The reason, Lawrence would have said gently, is that the discipline underneath the discipline is missing. The seven practices are scaffolding for an interior life that is meant to be continually open to God — and if the interior is not being held open between the practices, the practices themselves cannot do their full work.
This is why his answer to the visitors was not prayer in the sense of a daily slot. It was a continual prayer — the praying without ceasing of 1 Thessalonians 5:17, read literally rather than aspirationally. The morning prayer slot, the evening prayer slot, the small group, the fast, the communion — all of these become the moments at which the continual interior practice is strengthened and renewed. Between them, the practice is the simple, ongoing keeping-of-company with God in the middle of whatever you are doing.
He gave this as advice to one of the visitors, in a passage written almost as a slow instruction:
Gradually become accustomed to worship Him in this way; to beg His grace, to offer Him your heart from time to time; in the midst of your business, even every moment if you can.
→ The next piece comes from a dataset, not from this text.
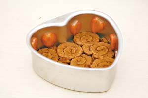 1.把蛋糕卷切成1.25cm的厚度,擺放在模具底,把草莓切片排在模壁上;
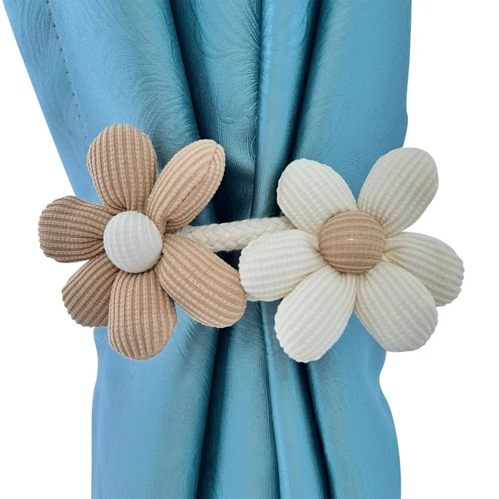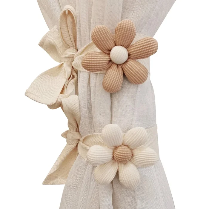 New Cartoon Curtains With 4 Folded Straps Six Khaki/Beige Flowers+Five Khaki/Beige Flowers F

— Brother Lawrence, The Practice of the Presence of God
Gradually. Even every moment if you can. The instruction is patient and unhurried. He is not asking the reader to maintain continuous mystical awareness from this Tuesday onward. He is asking for a small offering of the heart, from time to time, in the middle of ordinary tasks — and then, slowly, more often, until the offering becomes the climate rather than the event. (For the prayer-journal version of offering the heart from time to time, the practice is gathered in a daily prayer journal that holds the asks you’re embarrassed to pray — small, honest, continual.)